# [Directions]
Only the stretch of the listing below that runs from the line with "使用温暖明亮的橙色发色,一方" through the line with "Torso is all" is to be printed, exactly and with both ends.

# [Given records]
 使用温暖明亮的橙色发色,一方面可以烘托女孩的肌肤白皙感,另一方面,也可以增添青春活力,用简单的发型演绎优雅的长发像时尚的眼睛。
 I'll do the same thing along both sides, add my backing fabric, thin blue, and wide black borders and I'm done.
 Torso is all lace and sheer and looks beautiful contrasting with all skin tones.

...

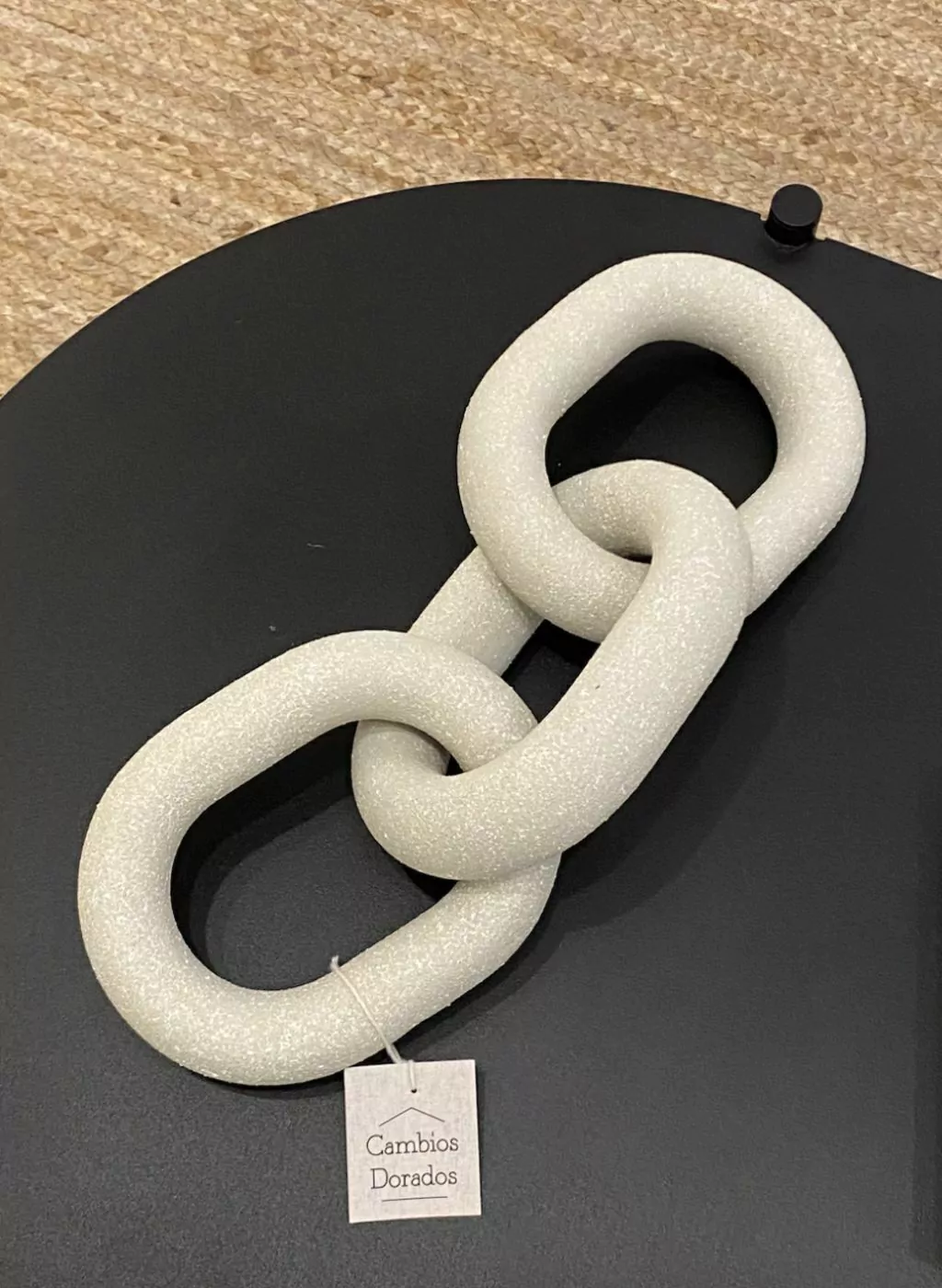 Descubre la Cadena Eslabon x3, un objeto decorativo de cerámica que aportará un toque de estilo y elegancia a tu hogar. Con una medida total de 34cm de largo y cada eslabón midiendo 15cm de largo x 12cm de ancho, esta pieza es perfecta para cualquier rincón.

# [Answer]
 使用温暖明亮的橙色发色,一方面可以烘托女孩的肌肤白皙感,另一方面,也可以增添青春活力,用简单的发型演绎优雅的长发像时尚的眼睛。
 I'll do the same thing along both sides, add my backing fabric, thin blue, and wide black borders and I'm done.
 Torso is all lace and sheer and looks beautiful contrasting with all skin tones.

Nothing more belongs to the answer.